# The Newest LT10 in Texas



## Hiram Carter (Apr 11, 2019)

That is a good looking skiff, lots of fish to be caught!


----------



## Zika (Aug 6, 2015)

Welcome. Congrats on the new skiff. Sweet-looking rig and happy to hear your son got it slimy. Good memories ahead!


----------



## iMacattack (Dec 11, 2006)

Welcome!


----------



## Wk05 (Feb 10, 2017)

Awesome LT10! Where do you fish around Houston. I’m from up north around Conroe!


----------



## taw1126 (Aug 28, 2021)

We're in Kingwood but the boat "lives" on our property near Colmesneil. My excuse for finally buying a Gheenoe was the lake we built late last year & recently stocked. But you can see I upsold myself significantly so we could take advantage of being close to the Neches River and Lake Sam Rayburn, and hopefully we'll get it out for some skinny saltwater action.

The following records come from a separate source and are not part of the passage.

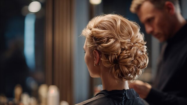 Hairdresser perfecting elegant updo in modern salon
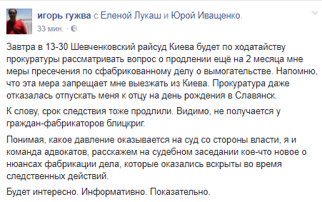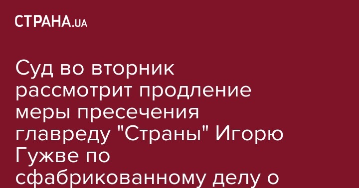 Во вторник, 22 августа, в Шевченковском райсуде Киева состоится слушание по ходатайству прокуратуры о продлении на 2 месяца меры пресечения по сфабрикованному делу о вымогательстве в отношении главного редактора интернет-газеты "Страна.ua" Игоря Гужвы. Об этом он сообщил на своей странице в Facebook.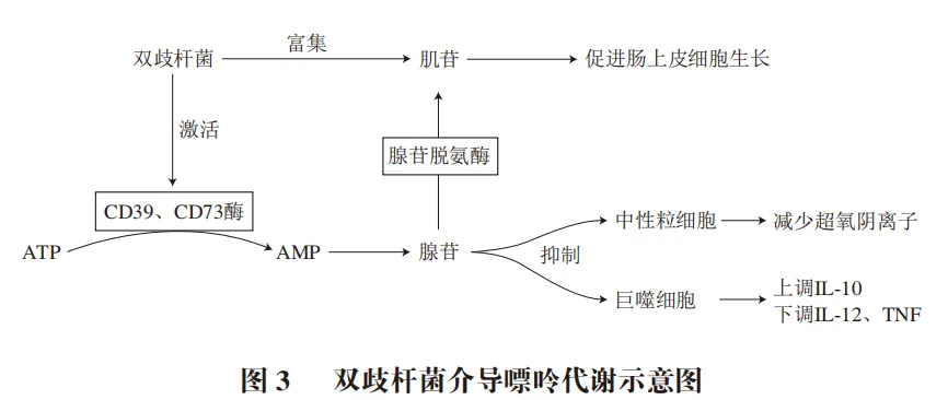 近年来,研究发现双歧杆菌与嘌呤代谢有密切联系(图3)。假长双歧杆菌可通过在肠道积累嘌呤代谢物肌苷增强免疫应答,提高肿瘤免疫检查点阻断疗法的疗效;双歧杆菌还具有激活嘌呤代谢信号通路中CD39和CD73(5’-外核苷酸酶)的潜力,CD39和CD73能够促进胞外ATP的降解,减少炎症介质胞外ATP对免疫细胞的刺激,降低炎症因子的释放。此外,降解ATP生成的单磷酸腺苷(AMP)会进一步分解成腺苷,腺苷能够促进巨噬细胞分泌抗炎因子IL-10,并抑制IL-12和TNF的表达,还能够减少中性粒细胞产生的超氧阴离子。肌苷是腺苷的代谢产物,最新的研究发现,肌苷的富集能够促进肠上皮细胞的生长,此外肌苷的代谢产物次黄嘌呤被发现能够调节肠上皮细胞的能量代谢。Mager等发现肠道低水平的次黄嘌呤以及黄嘌呤氧化酶的高表达是炎症性肠病致病的关键因素,这对改善肠道屏障功能至关重要,或成为缓解和治疗UC的新机制之一。因此,双歧杆菌可能通过调控嘌呤代谢或者富集嘌呤代谢产物缓解肠道的慢性炎症。嘌呤代谢产物及其受体在肠道神经元系统和上皮细胞中广泛分布和表达,并通过免疫等机制参与UC的病理过程。目前双歧杆菌通过调节嘌呤代谢进而缓解UC的报道较少,双歧杆菌-嘌呤代谢产物-免疫途径或许是未来UC辅助治疗的一个新方向。

You spend any time in the uppermost regions of Lake Conroe (aka Stubblefield)? I grew up in Huntsville and that used to be a bowfishing mecca.


----------



## Wk05 (Feb 10, 2017)

Love that area! It’s so nice up around the Sam Houston Forrest. Looking into some land on the lake up there once I get done with my current tour out of town!


----------